Mobile Zero of Likou Brush Questions

题目

给定一个数组 nums,编写一个函数将所有 0 移动到数组的末尾,同时保持非零元素的相对顺序.
请注意 ,必须在不复制数组的情况下原地对数组进行操作.

The question asks to move the zeros in the array to the back of the array.And can only operate on the original array,不可以复制,You cannot shuffle the order of the original array elements.

So for the movement of the elements,If the brain rotation is not very smart,It is recommended to draw a picture yourself to try it out,See how to move.

You see how these scrambled zeros move to the back

Move zero to the back,Then you need to move the non-zero elements to the front.

一种想法,我们可以用两个指针,Then start to initialize the head of the array pointing to the same time.

And how to move it？The yellow pointer starts to move,移动到3,它不是零,We replace it with the white one0的值.

继续,到这里的时候,Our yellow pointer points to zero,We certainly don't move forward zero.

There is no movement here,Do not move the white pointer,The yellow ones continue to move.
移动到4的时候,Then the number at the yellow point replaces the value at the white execution.
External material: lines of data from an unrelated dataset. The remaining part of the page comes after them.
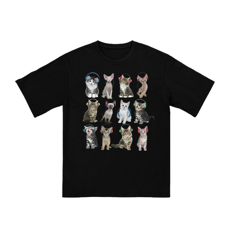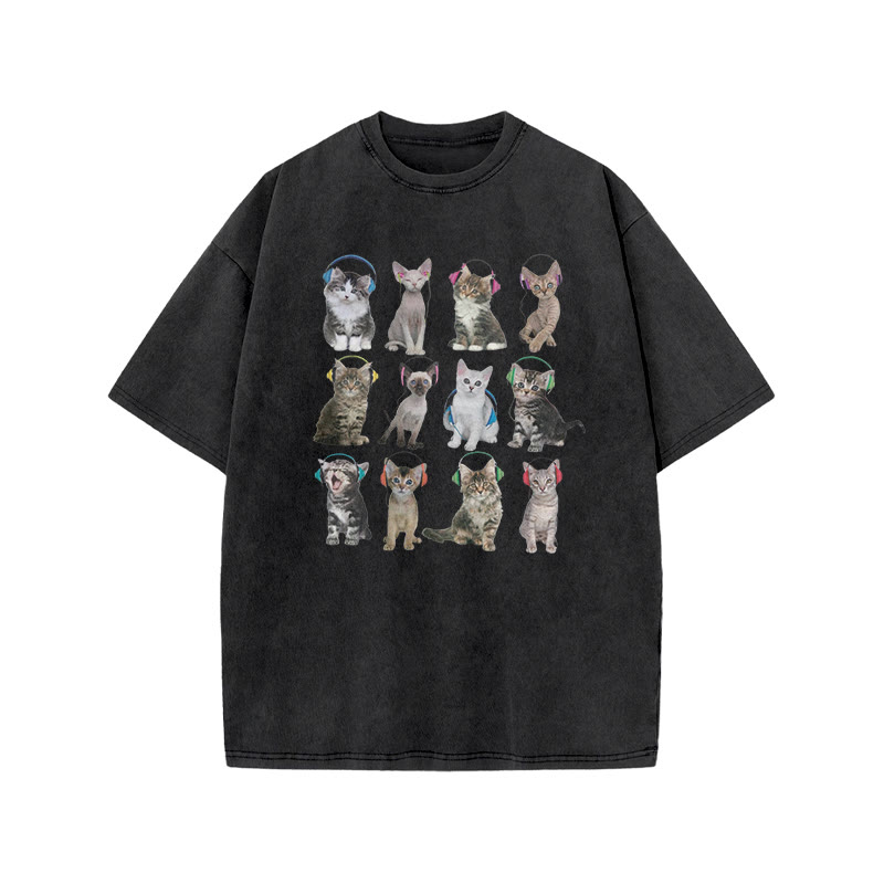 Unisex Cats Headphone Print Acid Washed T-shirt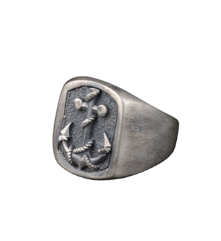 Silver Anchor Ring Handmade Sailor Anchor Oxidized Silver Captain Ring Marine Cast Steel Ship Boat Hall Type Anchor for Marine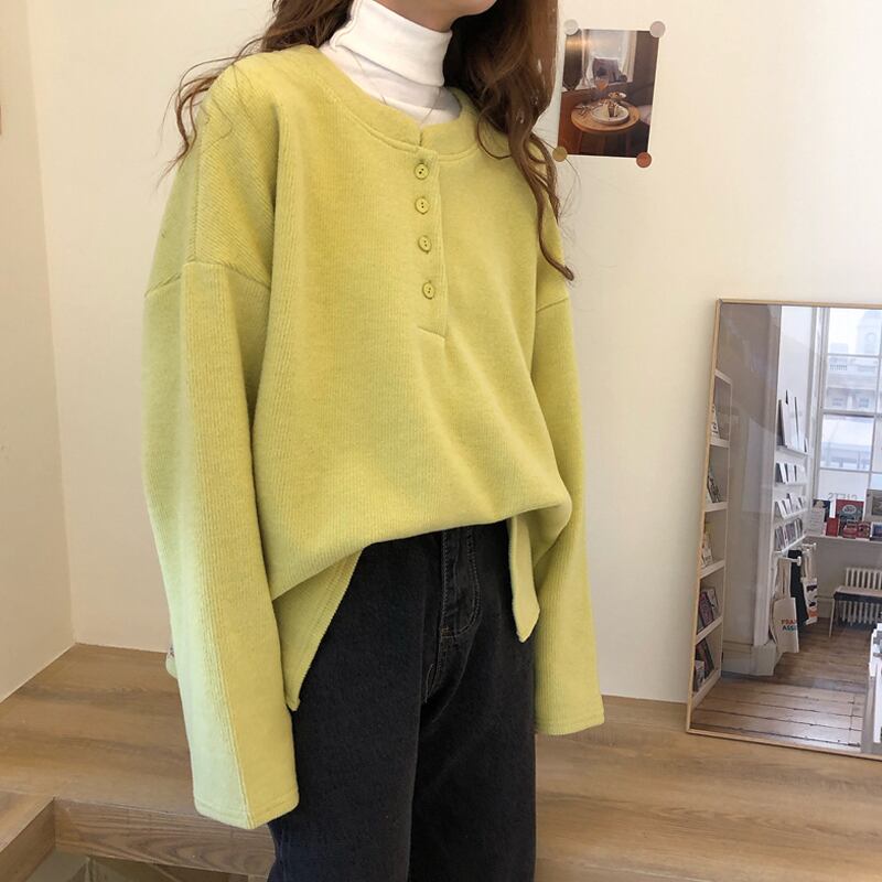 韓国ファッションスタイルルーズラウンドネックセーター レディーススプリングサイドコート 春物 Oネック Marchs42370643871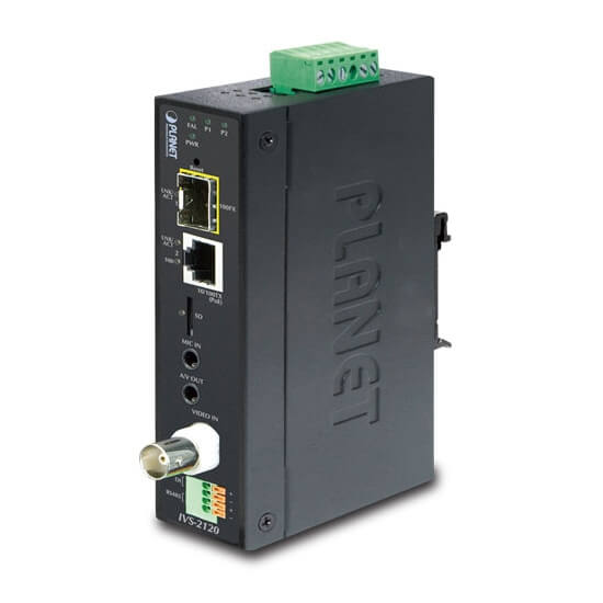 Planet IVS-2120 - промышленный интернет видео сервер. Имеет встроенный SFP трансивер для увеличения дальности передачи данных. IVS-2120 - одноканальный PoE интернет видео сервер, поддерживающий высокоформатное (H.264) сжатие видео, что значительно снижает пропускную способность без ущерба для качества изображения. Онлайн мониторинг за 20 клиентами одновременно.

然后两个指针继续移动,The value at the yellow pointer now replaces the value at the white pointer again,The yellow pointer reaches the end

Then we continue to move the white pointer to the end point,and assigns the value at the following index0.

This moves it.

We write code according to this logic

class Solution {
    
    public void moveZeroes(int[] nums) {
    
        
        int pre01 =0;
        for (int pre02 = 0; pre02 < nums.length; pre02++) {
    
           if (nums[pre02]!=0)
           {
    
               nums[pre01++]=nums[pre02];
           }

        }


        for (int i = pre01; i < nums.length; i++) {
    
            nums[i]=0;

        }

    }
}

还有一种方法,There is a difference in thinking.This time we initialize two pointers.
Only this time around,我们是这样做的.

We exchange directly when comparing.

然后移动,Both are zeros here,不交换.yellow move,White unchanged

Swap next

继续

Compare carefully,There is a difference between the two methods.Our exchange patterns are different,The position to which the pointer moves is different.
来看代码实现.

  int pre01 =0;
        for (int pre02 = 0; pre02 < nums.length; pre02++) {
    
            if(nums[pre01]==0&&nums[pre02]!=0)
            {
    
               int n= nums[pre02];
               nums[pre02]=nums[pre01];
               nums[pre01++] =n;


            }
            else if (nums[pre01]!=0)
            {
    
                pre01++;
            }

        }

This execution efficiency is not as high as our above method,But the last one seems to be more like a loophole.